====== DATA RECORDS

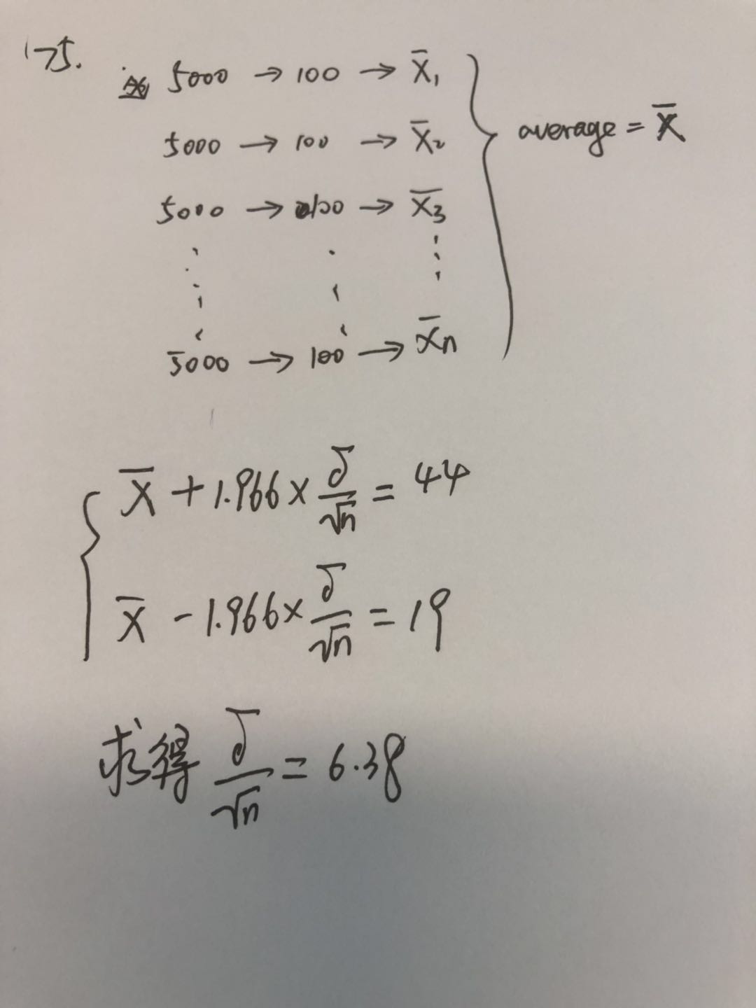同学你好。这个题不是常规题,思路是这样的:5000里面每次取出100个,求得一个X1,取n次得到X1——Xn。这些X求平均得到样本平均X。然后带入公式,联立反推出结果。答案选C
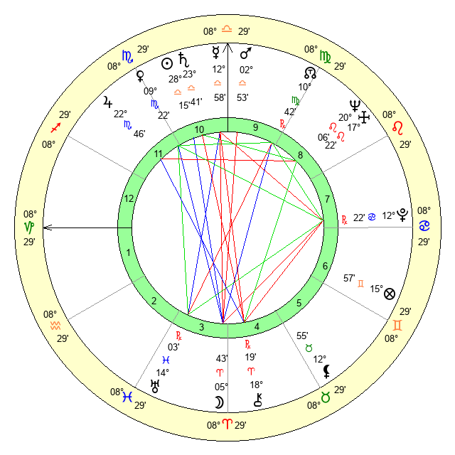 | Saturn | 24 Libra 15 | 26 Pisces 10 | 2 Scorpio 51 |
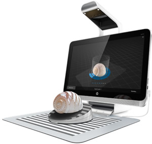 Real objects like a coffee cup can be scanned into Sprout, after which a 3D representation of them is displayed on the screen. The 3D models can be turned, reshaped, colored or cropped via hand on the Touch Mat.
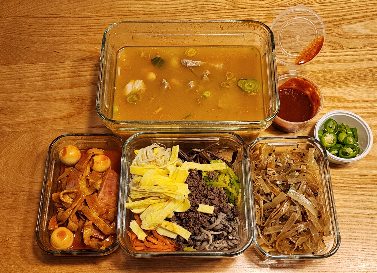이번에 왔던 반찬은 비빔밥용 오색나물에 고추장이 더 곁들여 왔고, 고깃집 된장찌개에 넣어먹으라고 고추도 따로 보내주셨더라구요.
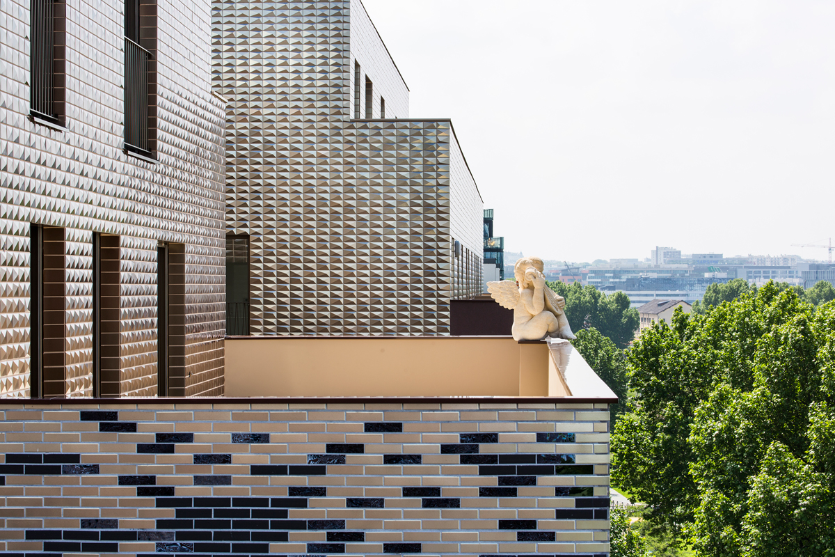 Ogni fronte definisce una sua specificità e racconta il progetto in modi differenti. Verso nord, la facciata di ingresso dal comparto principale si presenta con un rivestimento in ceramica color bronzo diamantata che riflette la luce e il cielo di Parigi. Verso ovest, un percorso aperto agli abitanti si muove attraverso gli alberi fronteggiando una facciata arricchita da balconi aggettanti protetti da una maglia verticale in legno. Il fronte opposto, a est aperto verso la collina verde, è caratterizzato da un fronte più compatto scavato a creare delle logge. L’accesso principale avviene verso sud a cui si accede alla hall di ingresso, un ampio spazio vetrato polifunzionale.

============

WORK INSTRUCTION:
Retype each line of the records exactly as it reads; no pictures belong in the copy.

EXERCISE RESPONSE:
同学你好。这个题不是常规题,思路是这样的:5000里面每次取出100个,求得一个X1,取n次得到X1——Xn。这些X求平均得到样本平均X。然后带入公式,联立反推出结果。答案选C
 | Saturn | 24 Libra 15 | 26 Pisces 10 | 2 Scorpio 51 |
 Real objects like a coffee cup can be scanned into Sprout, after which a 3D representation of them is displayed on the screen. The 3D models can be turned, reshaped, colored or cropped via hand on the Touch Mat.
이번에 왔던 반찬은 비빔밥용 오색나물에 고추장이 더 곁들여 왔고, 고깃집 된장찌개에 넣어먹으라고 고추도 따로 보내주셨더라구요.
 Ogni fronte definisce una sua specificità e racconta il progetto in modi differenti. Verso nord, la facciata di ingresso dal comparto principale si presenta con un rivestimento in ceramica color bronzo diamantata che riflette la luce e il cielo di Parigi. Verso ovest, un percorso aperto agli abitanti si muove attraverso gli alberi fronteggiando una facciata arricchita da balconi aggettanti protetti da una maglia verticale in legno. Il fronte opposto, a est aperto verso la collina verde, è caratterizzato da un fronte più compatto scavato a creare delle logge. L’accesso principale avviene verso sud a cui si accede alla hall di ingresso, un ampio spazio vetrato polifunzionale.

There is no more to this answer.